Lines below that hold the word "como" must be copied in full.

# Recorded data

################

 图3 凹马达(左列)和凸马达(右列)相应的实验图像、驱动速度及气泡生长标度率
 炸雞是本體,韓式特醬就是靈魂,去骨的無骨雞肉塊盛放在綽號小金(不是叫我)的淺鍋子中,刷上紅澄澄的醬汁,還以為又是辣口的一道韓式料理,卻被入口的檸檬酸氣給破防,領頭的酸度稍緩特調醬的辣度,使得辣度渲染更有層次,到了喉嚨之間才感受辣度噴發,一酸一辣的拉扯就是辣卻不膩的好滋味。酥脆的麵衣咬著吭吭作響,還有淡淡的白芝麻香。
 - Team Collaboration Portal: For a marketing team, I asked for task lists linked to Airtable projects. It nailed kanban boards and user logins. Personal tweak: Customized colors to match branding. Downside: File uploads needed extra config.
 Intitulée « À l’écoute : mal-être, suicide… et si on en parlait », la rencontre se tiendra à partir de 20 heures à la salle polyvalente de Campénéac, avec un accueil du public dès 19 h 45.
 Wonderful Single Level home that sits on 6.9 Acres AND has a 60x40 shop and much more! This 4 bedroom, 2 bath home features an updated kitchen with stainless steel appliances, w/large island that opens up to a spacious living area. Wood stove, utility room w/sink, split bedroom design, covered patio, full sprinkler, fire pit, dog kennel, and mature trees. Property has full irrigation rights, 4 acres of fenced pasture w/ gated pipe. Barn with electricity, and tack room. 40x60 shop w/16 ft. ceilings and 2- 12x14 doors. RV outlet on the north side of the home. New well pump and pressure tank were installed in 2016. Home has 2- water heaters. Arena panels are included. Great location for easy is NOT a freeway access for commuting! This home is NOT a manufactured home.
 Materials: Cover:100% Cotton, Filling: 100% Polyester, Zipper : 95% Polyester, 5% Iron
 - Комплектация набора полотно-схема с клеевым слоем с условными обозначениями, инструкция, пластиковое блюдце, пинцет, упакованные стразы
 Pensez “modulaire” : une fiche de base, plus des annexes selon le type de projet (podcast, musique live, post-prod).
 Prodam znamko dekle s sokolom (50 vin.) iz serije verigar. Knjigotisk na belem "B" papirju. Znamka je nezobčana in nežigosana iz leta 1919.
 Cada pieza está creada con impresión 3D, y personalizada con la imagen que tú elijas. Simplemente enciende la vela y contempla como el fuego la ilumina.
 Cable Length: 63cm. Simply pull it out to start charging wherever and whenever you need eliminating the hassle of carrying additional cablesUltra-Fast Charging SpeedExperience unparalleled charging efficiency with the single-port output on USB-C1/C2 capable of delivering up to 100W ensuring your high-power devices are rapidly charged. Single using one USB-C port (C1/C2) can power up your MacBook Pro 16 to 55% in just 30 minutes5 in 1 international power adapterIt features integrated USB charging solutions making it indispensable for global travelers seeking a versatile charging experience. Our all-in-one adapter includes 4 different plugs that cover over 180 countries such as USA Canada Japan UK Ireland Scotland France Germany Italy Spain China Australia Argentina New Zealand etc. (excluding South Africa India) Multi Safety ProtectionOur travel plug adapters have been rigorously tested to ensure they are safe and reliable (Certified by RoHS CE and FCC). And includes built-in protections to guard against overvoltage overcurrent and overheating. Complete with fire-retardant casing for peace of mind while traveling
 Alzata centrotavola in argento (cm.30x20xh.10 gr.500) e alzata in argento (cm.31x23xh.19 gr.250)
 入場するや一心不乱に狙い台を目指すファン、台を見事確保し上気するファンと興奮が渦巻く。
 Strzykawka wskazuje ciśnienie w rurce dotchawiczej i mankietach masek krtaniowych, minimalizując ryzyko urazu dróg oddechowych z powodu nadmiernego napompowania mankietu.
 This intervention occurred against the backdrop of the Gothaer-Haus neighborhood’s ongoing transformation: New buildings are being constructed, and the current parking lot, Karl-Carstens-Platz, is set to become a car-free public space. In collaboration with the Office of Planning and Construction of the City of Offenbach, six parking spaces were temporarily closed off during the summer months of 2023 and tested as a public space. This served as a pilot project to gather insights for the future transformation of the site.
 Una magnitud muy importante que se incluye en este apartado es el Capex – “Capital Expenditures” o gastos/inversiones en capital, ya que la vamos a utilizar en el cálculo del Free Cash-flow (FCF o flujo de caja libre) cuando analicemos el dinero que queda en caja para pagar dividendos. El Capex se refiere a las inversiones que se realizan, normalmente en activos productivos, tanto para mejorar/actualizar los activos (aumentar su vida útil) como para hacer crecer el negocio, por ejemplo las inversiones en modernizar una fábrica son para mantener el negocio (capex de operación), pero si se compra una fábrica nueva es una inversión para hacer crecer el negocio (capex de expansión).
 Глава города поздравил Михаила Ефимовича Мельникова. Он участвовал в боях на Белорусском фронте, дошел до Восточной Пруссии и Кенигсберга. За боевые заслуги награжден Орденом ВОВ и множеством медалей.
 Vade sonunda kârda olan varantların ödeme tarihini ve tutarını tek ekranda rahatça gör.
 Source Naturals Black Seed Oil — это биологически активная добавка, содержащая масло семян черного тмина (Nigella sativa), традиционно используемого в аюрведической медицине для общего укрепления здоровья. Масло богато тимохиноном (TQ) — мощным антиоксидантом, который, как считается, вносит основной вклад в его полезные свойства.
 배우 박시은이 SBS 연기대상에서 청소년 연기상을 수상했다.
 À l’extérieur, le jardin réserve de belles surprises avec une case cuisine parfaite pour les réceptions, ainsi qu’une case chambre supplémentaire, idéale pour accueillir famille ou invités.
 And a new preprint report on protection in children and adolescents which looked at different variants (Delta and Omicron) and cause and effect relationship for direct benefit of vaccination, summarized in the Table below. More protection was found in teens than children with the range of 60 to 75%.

################

# RESULT OF THIS TASK
 Cada pieza está creada con impresión 3D, y personalizada con la imagen que tú elijas. Simplemente enciende la vela y contempla como el fuego la ilumina.
 Una magnitud muy importante que se incluye en este apartado es el Capex – “Capital Expenditures” o gastos/inversiones en capital, ya que la vamos a utilizar en el cálculo del Free Cash-flow (FCF o flujo de caja libre) cuando analicemos el dinero que queda en caja para pagar dividendos. El Capex se refiere a las inversiones que se realizan, normalmente en activos productivos, tanto para mejorar/actualizar los activos (aumentar su vida útil) como para hacer crecer el negocio, por ejemplo las inversiones en modernizar una fábrica son para mantener el negocio (capex de operación), pero si se compra una fábrica nueva es una inversión para hacer crecer el negocio (capex de expansión).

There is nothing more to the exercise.